Dziwne zachowanie Kierwińskiego podczas centralnych uroczystości. Minister tłumaczy sytuację

radiogorzow.pl 1 tydzień temu
  • Szef MSWiA Marcin Kierwiński poinformował w sobotę (4 maja) na portalu X, iż poddał się badaniu alkomatem. „Zanim wydacie wyrok posłuchajcie moich wypowiedzi, których udzieliłem mediom po wystąpieniu. Mało tego natychmiast udałem się na komendę Policji, gdzie zbadano mnie alkomatem. Wynik = 0,0” – napisał.

Minister spraw wewnętrznych i administracji Marcin Kierwiński wziął w sobotę udział w Centralnych Obchodach Dnia Strażaka, które odbyły się na placu Marszałka Józefa Piłsudskiego w Warszawie. W uroczystości uczestniczyli również m.in. prezydent Andrzej Duda i pierwsza dama Agata Kornhauser-Duda oraz marszałek Sejmu Szymon Hołownia.

Po jego oficjalnym wystąpieniu część użytkowników portalu X (dawniej Twitter) zarzuciła mu nietrzeźwość, inni podejrzewali udar, a dziennikarze pytali o stan zdrowia. Szef resortu wielokrotnie zapewniał, iż bardzo dobrze się czuje, a sytuację tłumaczył m.in. pogłosem i problemami technicznymi.

Dalsza część tekstu pod tweetem

Chyba muszę zrobić interwencję poselską i sprawdzić poziom alkoholu we krwi… Panie Ministrze, zapraszam na juwenalia na Miasteczko Studenckie. Na uroczystościach państwowych nie wypada! pic.twitter.com/tE9YpjK8BU

— Konrad Berkowicz (@KonradBerkowicz) May 4, 2024

Kierwiński odniósł się do sytuacji także na platformie X.

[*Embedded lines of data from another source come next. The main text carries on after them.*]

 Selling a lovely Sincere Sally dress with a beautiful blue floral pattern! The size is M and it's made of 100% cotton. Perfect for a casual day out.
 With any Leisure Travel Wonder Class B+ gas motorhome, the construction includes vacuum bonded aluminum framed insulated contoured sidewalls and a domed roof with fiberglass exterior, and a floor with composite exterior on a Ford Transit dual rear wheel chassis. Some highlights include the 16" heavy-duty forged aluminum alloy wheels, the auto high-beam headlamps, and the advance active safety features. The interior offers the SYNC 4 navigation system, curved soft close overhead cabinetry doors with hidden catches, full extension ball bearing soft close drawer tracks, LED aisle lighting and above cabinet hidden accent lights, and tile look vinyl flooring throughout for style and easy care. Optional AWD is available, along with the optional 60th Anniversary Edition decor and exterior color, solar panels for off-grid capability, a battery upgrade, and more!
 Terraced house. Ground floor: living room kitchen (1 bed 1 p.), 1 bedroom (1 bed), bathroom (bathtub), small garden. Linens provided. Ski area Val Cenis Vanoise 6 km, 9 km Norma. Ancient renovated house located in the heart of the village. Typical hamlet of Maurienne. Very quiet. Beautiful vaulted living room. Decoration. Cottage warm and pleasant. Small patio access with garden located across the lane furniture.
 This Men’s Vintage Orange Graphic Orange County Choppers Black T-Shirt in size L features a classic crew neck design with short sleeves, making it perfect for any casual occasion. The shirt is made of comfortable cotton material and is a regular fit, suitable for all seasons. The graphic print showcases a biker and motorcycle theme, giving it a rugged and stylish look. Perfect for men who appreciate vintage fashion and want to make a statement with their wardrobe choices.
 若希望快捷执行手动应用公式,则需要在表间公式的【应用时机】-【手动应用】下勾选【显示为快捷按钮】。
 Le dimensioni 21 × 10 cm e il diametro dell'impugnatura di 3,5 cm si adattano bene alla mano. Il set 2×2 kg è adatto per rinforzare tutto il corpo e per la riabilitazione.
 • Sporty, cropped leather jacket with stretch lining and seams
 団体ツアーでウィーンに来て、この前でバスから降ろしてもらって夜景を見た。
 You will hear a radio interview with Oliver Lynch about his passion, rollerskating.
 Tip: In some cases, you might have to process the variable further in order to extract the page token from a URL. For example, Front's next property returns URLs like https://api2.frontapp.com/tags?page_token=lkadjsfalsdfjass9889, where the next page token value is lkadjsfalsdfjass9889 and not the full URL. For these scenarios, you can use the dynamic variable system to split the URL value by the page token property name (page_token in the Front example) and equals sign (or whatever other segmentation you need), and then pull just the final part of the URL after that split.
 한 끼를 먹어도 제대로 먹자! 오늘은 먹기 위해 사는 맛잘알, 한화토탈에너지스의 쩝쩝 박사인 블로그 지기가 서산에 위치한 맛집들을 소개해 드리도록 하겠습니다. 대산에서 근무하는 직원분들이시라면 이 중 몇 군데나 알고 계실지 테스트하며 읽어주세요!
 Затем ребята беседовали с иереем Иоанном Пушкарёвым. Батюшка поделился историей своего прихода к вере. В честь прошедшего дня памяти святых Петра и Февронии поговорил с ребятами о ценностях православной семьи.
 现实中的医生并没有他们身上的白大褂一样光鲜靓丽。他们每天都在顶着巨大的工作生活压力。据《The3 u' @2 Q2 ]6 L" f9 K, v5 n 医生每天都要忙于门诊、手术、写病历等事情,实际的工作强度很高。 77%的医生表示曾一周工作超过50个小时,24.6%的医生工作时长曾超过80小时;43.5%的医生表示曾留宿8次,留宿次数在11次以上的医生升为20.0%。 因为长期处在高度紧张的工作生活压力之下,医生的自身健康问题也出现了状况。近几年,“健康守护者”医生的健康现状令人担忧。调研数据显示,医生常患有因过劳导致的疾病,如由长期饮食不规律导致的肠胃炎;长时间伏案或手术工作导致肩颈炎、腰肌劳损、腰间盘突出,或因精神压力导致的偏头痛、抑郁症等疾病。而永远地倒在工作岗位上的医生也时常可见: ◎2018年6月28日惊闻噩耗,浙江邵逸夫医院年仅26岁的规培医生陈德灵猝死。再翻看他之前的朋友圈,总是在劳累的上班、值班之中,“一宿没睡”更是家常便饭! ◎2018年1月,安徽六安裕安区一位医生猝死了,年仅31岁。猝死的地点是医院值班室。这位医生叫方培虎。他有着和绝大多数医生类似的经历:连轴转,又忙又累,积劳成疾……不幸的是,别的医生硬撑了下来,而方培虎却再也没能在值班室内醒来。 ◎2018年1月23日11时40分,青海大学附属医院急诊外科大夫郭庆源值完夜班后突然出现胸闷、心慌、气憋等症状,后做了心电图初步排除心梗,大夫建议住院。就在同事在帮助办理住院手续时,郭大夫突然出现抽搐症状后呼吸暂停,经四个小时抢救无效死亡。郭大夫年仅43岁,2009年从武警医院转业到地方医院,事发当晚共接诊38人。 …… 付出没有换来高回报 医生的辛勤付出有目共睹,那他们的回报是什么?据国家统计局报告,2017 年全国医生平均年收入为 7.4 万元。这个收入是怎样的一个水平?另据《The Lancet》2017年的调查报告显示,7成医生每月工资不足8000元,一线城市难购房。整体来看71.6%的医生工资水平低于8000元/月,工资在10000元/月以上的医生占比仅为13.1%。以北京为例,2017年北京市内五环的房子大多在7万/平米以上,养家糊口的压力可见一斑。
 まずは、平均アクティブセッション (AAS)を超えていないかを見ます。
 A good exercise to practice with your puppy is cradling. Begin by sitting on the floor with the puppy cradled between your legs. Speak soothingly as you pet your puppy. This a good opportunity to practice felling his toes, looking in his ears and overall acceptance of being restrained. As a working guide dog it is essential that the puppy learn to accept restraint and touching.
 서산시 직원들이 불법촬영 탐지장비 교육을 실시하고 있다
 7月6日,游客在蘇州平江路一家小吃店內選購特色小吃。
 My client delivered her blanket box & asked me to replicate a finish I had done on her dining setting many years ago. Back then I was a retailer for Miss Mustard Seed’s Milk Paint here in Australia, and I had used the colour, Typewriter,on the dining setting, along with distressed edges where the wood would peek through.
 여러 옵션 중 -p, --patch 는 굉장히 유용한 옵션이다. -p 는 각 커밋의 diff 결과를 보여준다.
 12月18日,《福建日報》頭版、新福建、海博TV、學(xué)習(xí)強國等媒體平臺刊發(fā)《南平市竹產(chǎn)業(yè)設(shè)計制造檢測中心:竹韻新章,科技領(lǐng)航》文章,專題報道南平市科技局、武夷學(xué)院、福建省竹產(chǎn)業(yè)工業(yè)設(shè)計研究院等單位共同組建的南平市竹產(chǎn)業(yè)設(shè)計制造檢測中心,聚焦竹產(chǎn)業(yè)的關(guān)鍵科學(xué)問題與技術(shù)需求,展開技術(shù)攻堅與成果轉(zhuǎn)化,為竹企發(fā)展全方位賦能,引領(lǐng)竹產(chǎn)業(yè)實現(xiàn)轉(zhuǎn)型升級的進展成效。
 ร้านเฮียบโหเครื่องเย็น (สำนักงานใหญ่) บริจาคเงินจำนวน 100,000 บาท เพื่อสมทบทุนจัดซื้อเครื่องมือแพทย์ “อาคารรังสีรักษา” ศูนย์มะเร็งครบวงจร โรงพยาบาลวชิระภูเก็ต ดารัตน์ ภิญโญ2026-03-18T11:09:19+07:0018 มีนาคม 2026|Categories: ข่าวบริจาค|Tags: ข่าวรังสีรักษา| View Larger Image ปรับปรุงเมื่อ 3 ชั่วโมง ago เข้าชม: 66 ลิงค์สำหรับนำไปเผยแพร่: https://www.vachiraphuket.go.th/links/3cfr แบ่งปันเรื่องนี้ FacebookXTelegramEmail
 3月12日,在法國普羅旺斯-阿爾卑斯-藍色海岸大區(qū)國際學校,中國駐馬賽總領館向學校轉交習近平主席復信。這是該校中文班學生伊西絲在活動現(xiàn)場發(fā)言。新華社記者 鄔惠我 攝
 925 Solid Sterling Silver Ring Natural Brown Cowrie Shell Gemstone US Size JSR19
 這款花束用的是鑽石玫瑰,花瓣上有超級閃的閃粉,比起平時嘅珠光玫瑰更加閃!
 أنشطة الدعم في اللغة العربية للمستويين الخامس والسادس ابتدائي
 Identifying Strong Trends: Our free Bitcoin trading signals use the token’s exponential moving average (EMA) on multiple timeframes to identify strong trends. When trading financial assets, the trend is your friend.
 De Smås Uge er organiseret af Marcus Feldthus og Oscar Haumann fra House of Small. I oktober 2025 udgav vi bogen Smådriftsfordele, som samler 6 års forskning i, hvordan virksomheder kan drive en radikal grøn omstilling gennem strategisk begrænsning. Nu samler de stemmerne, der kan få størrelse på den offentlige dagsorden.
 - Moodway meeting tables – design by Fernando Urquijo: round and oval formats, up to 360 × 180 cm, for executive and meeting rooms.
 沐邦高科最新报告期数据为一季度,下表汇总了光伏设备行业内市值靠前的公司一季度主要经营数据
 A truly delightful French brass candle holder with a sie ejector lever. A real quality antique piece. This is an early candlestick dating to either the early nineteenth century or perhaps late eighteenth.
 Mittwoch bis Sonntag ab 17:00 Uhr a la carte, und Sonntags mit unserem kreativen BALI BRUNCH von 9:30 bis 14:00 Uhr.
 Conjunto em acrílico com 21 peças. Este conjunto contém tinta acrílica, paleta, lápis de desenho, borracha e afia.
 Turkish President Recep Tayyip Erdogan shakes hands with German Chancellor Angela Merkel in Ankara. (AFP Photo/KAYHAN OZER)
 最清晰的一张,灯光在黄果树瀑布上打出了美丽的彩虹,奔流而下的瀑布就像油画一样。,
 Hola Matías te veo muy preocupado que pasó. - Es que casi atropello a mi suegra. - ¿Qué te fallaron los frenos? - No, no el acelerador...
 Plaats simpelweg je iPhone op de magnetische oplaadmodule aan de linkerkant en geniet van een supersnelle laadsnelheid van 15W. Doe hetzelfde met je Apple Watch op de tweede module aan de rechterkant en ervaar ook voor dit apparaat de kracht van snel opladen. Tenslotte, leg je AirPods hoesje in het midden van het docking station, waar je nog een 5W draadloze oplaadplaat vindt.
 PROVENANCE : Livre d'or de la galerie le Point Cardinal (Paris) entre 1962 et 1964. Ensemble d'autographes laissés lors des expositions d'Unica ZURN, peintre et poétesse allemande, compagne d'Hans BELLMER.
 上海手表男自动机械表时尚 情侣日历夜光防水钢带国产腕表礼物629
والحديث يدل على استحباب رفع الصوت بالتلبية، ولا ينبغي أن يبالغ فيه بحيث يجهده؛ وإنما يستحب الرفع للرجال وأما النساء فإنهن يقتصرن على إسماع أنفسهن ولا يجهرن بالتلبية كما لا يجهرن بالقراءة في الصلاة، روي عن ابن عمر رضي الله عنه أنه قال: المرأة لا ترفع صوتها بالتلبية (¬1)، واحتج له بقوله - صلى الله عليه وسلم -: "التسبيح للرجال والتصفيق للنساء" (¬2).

– Zanim wydacie wyrok posłuchajcie moich wypowiedzi, których udzieliłem mediom po wystąpieniu. Mało tego natychmiast udałem się na komendę Policji, gdzie zbadano mnie alkomatem. Wynik = 0,0

– napisał Kierwiński, dołączając zdjęcie wyniku testu z pieczątką dyżurnego Komendy Rejonowej Policji Warszawa II.

Dalsza część tekstu pod tweetem

Zanim wydacie wyrok posłuchajcie moich wypowiedzi, których udzieliłem mediom po wystąpieniu. Mało tego natychmiast udałem się na komendę Policji, gdzie zbadano mnie alkomatem. Wynik = 0,0.
To co wydarzyło się na uroczystościach spowodowane było kwestiami technicznymi i pogłosem. pic.twitter.com/11AzYcjpzF

— Marcin Kierwiński (@MKierwinski) May 4, 2024

Szef MSWiA dodał, iż „to co wydarzyło się na uroczystościach spowodowane było kwestiami technicznymi i pogłosem”.

Do sprawy odnieśli się w portalu X politycy, m.in. wicepremier, minister obrony narodowej Władysław Kosiniak – Kamysz.

– Znam bardzo dobrze Marcina Kierwińskiego i wiem, iż jest profesjonalistą zarówno w pracy, jak i poza nią

– napisał.

Dodał, iż „przedstawione przez niego badania także nie pozostawiają wątpliwości w kwestii dzisiejszego wydarzenia”.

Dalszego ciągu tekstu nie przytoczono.